Todos tenemos horarios, y aunque queramos salir a nuestra hora de manera habitual, es normal que en determinados momentos los trabajadores tengan que quedarse más tiempo en su puesto para terminar tareas o cubrir necesidades de la empresa.

Estas horas que se hacen por encima de la jornada establecida se conocen como horas extra y aunque muchos las hayan normalizado, en España la ley establece cómo deben realizarse y, sobre todo, cómo deben compensarse.

El Estatuto de los Trabajadores señala que las horas extraordinarias son aquellas que se hacen por encima de la duración máxima de la jornada ordinaria y es importante tener en cuenta que, por norma general, deben ser voluntarias.

Esto significa que el trabajador tiene que aceptar realizarlas, normalmente cuando firma su contrato o mediante algún acuerdo que quede registrado.

Una vez realizadas, la empresa puede pagarlas económicamente o compensarlas con tiempo de descanso remunerado, pero siempre deben estar acompañadas de un beneficio.

En muchos casos, y si no existe un acuerdo diferente entre empresa y trabajador, la compensación se realiza mediante descanso.
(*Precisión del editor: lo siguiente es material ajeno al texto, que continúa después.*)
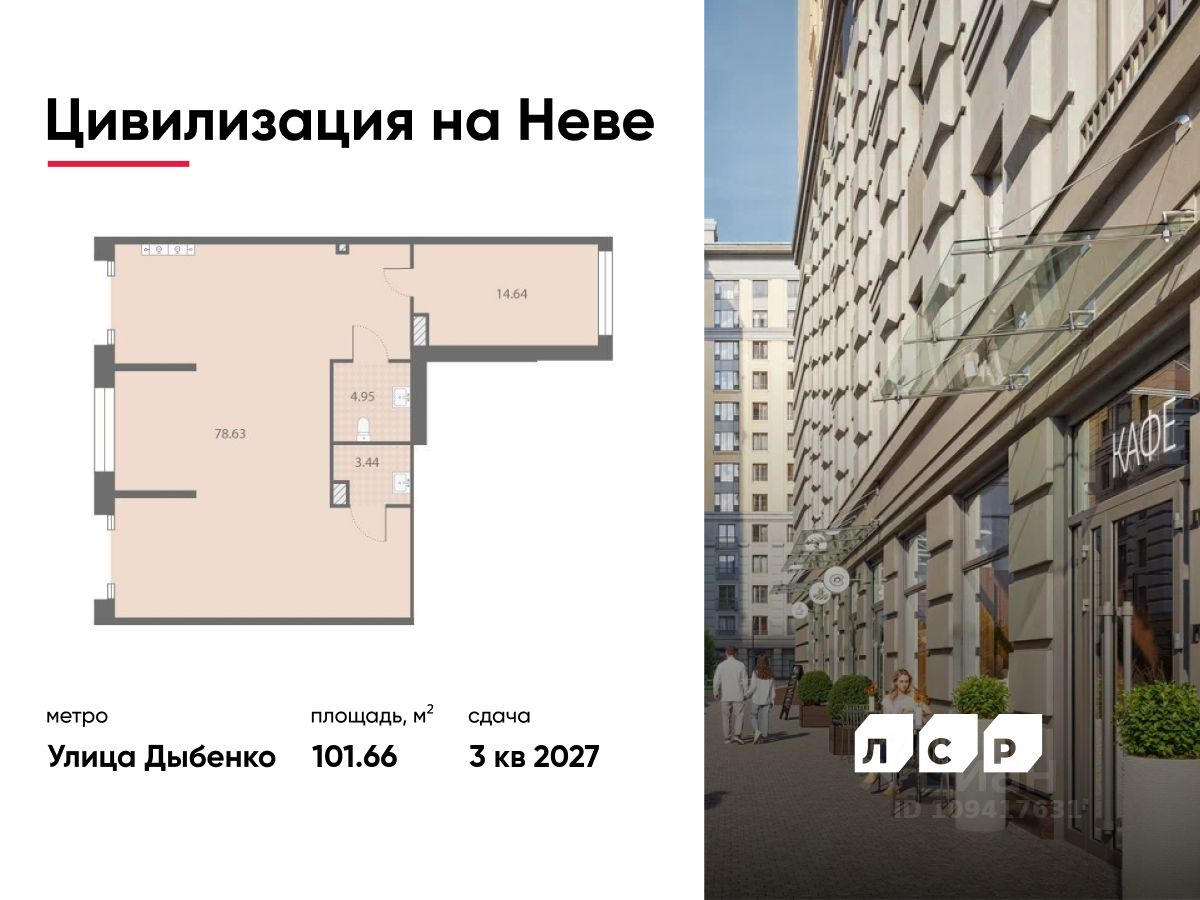 Продается помещение свободного назначения 101.66 кв. м в жилом комплексе бизнес-класса "Цивилизация на Неве" в Невском районе.

Esto significa que por cada hora extra trabajada, el empleado tiene derecho a recibir una hora de descanso pagada.

Este descanso debe concederse dentro de los cuatro meses siguientes a la realización de las horas extra. De esta manera, el trabajador puede recuperar ese tiempo que dedicó de más al trabajo sin perder parte de su salario.
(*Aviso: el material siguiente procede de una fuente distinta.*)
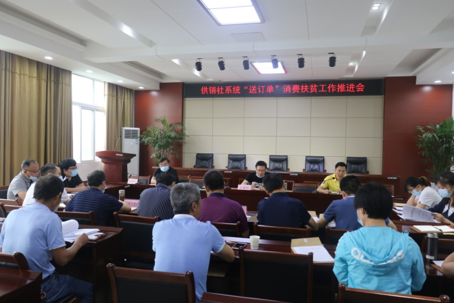 为扎实推进全市供销系统“三送一稳”工作,切实将疫情影响降到最低,打赢打好脱贫攻坚战,5月25日上午,市供销社党组成员、副主任周晓达主持召开系统“送订单”消费扶贫工作推进会,市供销社党组书记、主任方朝阳出席会议并讲话。大冶市、阳新县供销社主要负责人、市供销社直属各单位、机关各科室负责人共20余人参加会议。

No obstante, si el convenio colectivo o el contrato lo establece, las horas extra también pueden pagarse en dinero, pero nunca por debajo del valor de una hora normal de trabajo.

Asimismo, la ley también fija un límite al número de horas extra que se pueden hacer.

Y es que como norma general, un trabajador no puede superar las 80 horas extraordinarias al año. Sin embargo, las horas que se compensan con descanso dentro del plazo de cuatro meses no se incluyen en ese cálculo.

Para garantizar que se cumpla la normativa, las empresas están obligadas a llevar un registro de la jornada laboral de cada empleado.

Esto significa que deben fichar diariamente las horas trabajadas y calcular el total en el periodo en el que se paga el salario, recibiendo el trabajador una copia de ese resumen junto con su nómina.